# Temporal Difference Models (TDMs)
The TDM implementation is a bit different from the other algorithms. One reason for this is that the goals and rewards are retroactively relabelled. Some notable implementation details:
 - The networks (policy and QF) take in the goal and tau (the number of time steps left).
 - The algorithm relabels the terminal and rewards, so the terminal/reward from the environment are ignored completely.
 - TdmNormalizer is used to normalize the observations/states. If you want, you can totally ignore it and set `num_pretrain_path=0`.
 - The environments need to be [MultitaskEnv](rlkit/torch/tdm/envs/multitask_env), meaning standard gym environments won't work out of the box. See below for details.

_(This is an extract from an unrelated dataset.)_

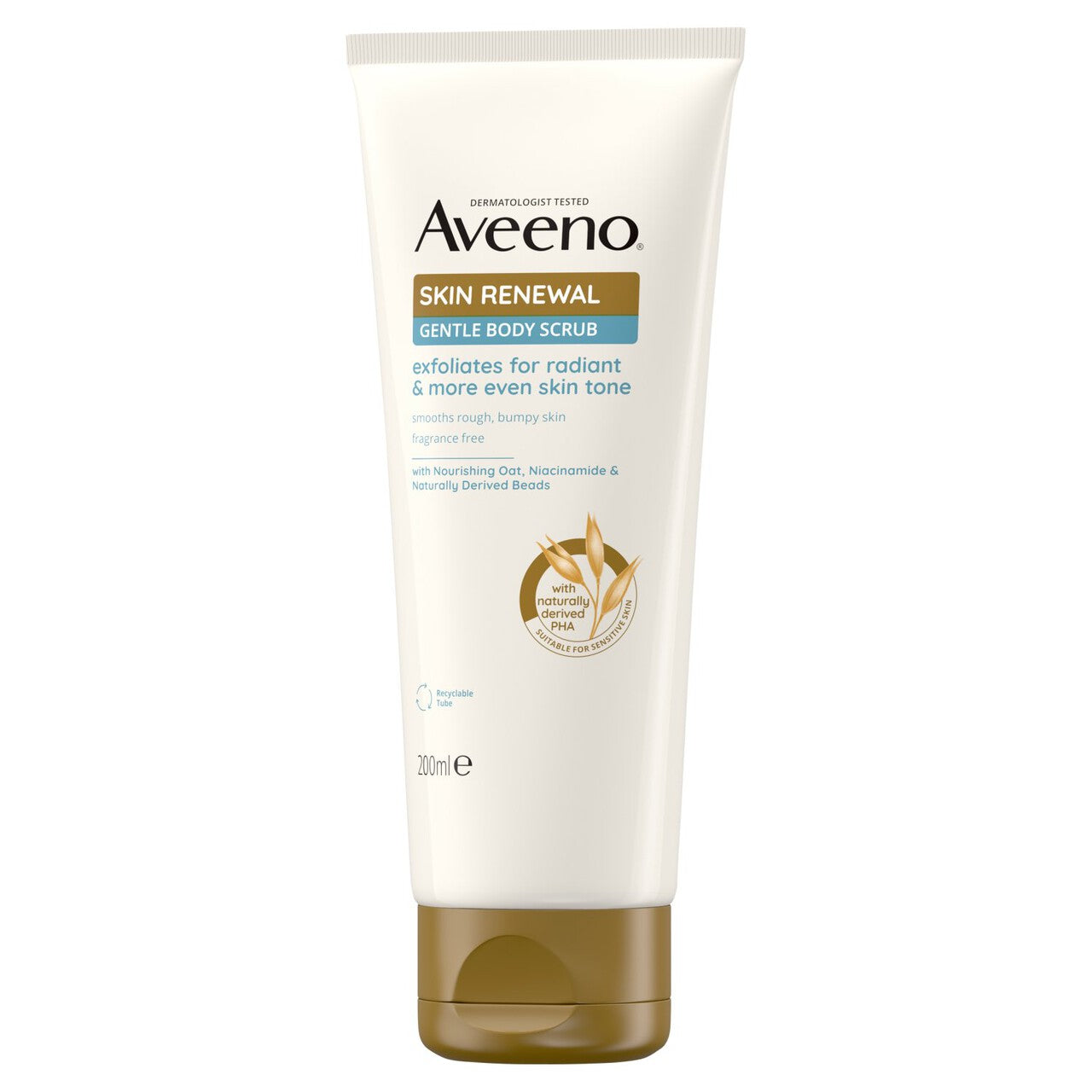 Aveeno Skin Renewal Gentle Body Scrub works to visibly renew your skin texture and tone. Formulated with nourishing oat, niacinamide, and naturally derived exfoliating beads, this product gently buffs away dullness. It is specifically designed to address the needs of dry, rough, and bumpy skin areas.

The example scripts have tuned hyperparameters. Specifically, the following hyperparameters are tuned, as they seem to be the most important ones to tune:
 - `num_updates_per_env_step`
 - `reward_scale`
 - `max_tau`


## Creating your own environment for TDM
A [MultitaskEnv](envs/multitask_env.py) instances needs to implement 3 functions:

```python
    def goal_dim(self) -> int:
        """
        :return: int, dimension of goal vector
        """
        pass

    @abc.abstractmethod
    def sample_goals(self, batch_size):
        pass

    @abc.abstractmethod
    def convert_obs_to_goals(self, obs):
        pass
```

If you want to see how to make an existing environment multitask, see [GoalXVelHalfCheetah](envs/half_cheetah_env.py), which builds off of Gym's HalfCheetah environments.

Another useful example might be [GoalXYPosAnt](envs/ant_env.py), which builds off a custom environment.

One important thing is that the environment should *not* include the goal as part of the state, since the goal will be separately given to the networks.